Critically, sign-off also writes a provenance record: who reviewed the data, when, which channels were marked bad, which segments were excluded, which ICA components were kept and rejected, and the ICLabel probabilities for every component. This is the audit trail. If a colleague questions a finding in the clinical report, the provenance record shows exactly what cleaning decisions produced the analyzed signal.

The sign-off is per-condition. If a session includes both eyes-open and eyes-closed recordings, each condition goes through its own data preparation and sign-off. If ERP data is present, it chains to an epoch review workflow after the resting conditions are signed off.

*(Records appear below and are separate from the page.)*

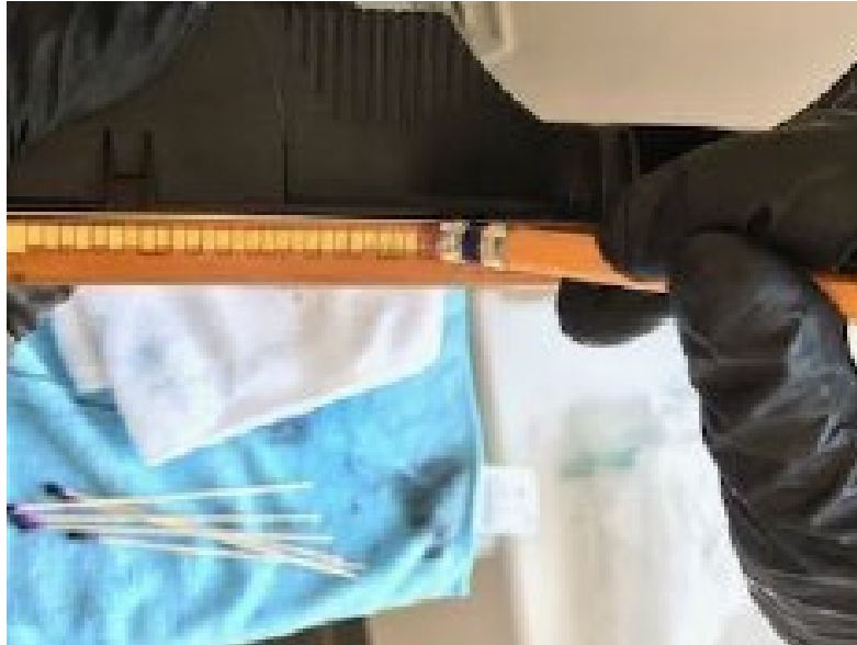
Figure 2. Using a Number 2 pencil clean the contacts off the printhead.

After cleaning the contacts off with a dampened microfiber cloth with distilled water. Now you can proceed by taking a number two pencils' eraser and gently rubbing each contact up and down.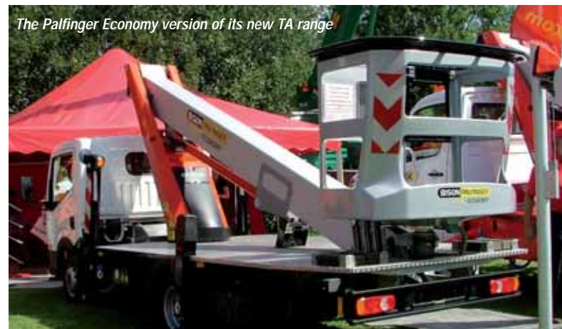
The Palfinger Economy version of its new TA range

those not wearing them were a very notable exception. Sadly two of the offenders were North American companies.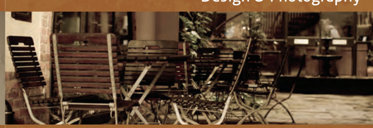
Cafes / Restaurants / Pubs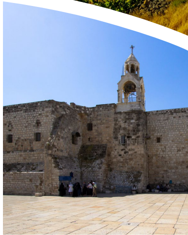
Church of the Nativity Bethlehem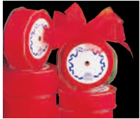
972103 Scarlet Red Sheer Fabric Ribbon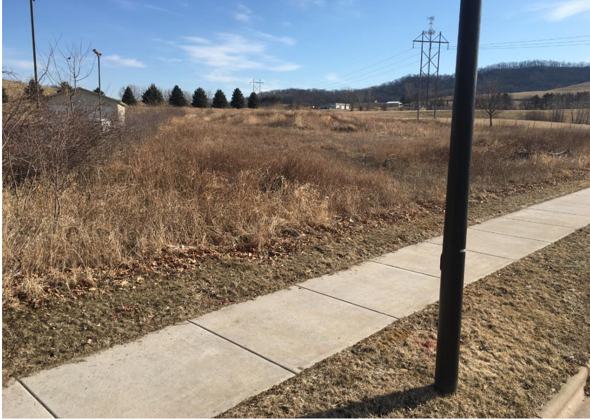
Creative Laminates maintained property (not seen) on left. Typical “vacant lot” prior to twice per year mowing.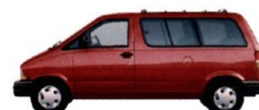
Electric Red Clearcoat Metallic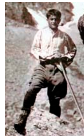
Pier Giorgio Frassati climbing to the summits.

"Every day, I am more passionately in love with the mountain; I am fascinated by it and I desire to climb to its summits, reach the most daring heights..., and if my studies permitted it, I would like to spend long days contemplating, in this pure air, the grandeur of the Creator. I understand the attraction for light, the desire to climb towards the summits, to find God face to face."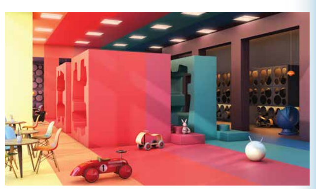
Left: Tea Lounge at Reach Right: Children's playroom

A haven for the culturally curious, the urban adventurers, and the fashion faithful, Brickell City Centre boasts 500,000 square feet of retail and restaurant space right on your doorstep. This is an address to be envied, the destination for the discerning buyer.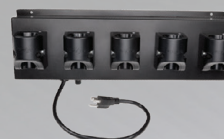
Five bank charger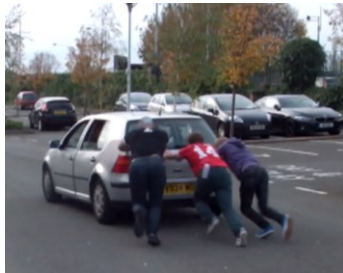
Figure 3 Multi Player GPA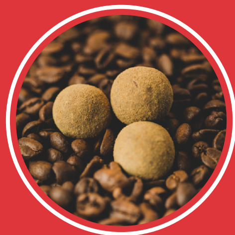
CONCEPT PHOTO FROM THE LAKRIDS PROJECT

Artifact Subspace Reconstruction can also be run interactively during data preparation, with the same parameters described in the Artifact Rejection page. There is one important constraint: ASR modifies the underlying data that ICA was fitted on. If you run ASR after fitting ICA, the decomposition is no longer valid—the unmixing matrix was computed on pre-ASR data and cannot be meaningfully applied to post-ASR data. The application warns you and requires re-fitting ICA if you apply ASR after a fit.

The recommended workflow is to review the raw data first, apply ASR if needed for large transient artifacts, and then fit ICA on the ASR-cleaned signal. This matches the two-layer architecture: ASR handles the gross contamination, ICA separates the subtler ongoing sources.

Data preparation is a cleaning step, not an analysis step. It does not compute spectra, connectivity, or any clinical metrics. It does not generate report content. Its sole output is a clean, signed-off .fif file with an accompanying provenance record.

This separation is deliberate. Cleaning decisions should be made without being influenced by their downstream effects. If a clinician could see that excluding a particular component changes a z-score from abnormal to normal, the temptation to rationalize keeping that component would be difficult to resist. By separating preparation from analysis, the pipeline ensures that cleaning decisions are made on signal quality grounds alone.

The analysis pipeline reads the .fif file and provenance record, applies the same processing stages to every recording, and produces the stage outputs that the dashboard visualizes. Every cleaning decision propagates forward—and every decision is traceable back to this step.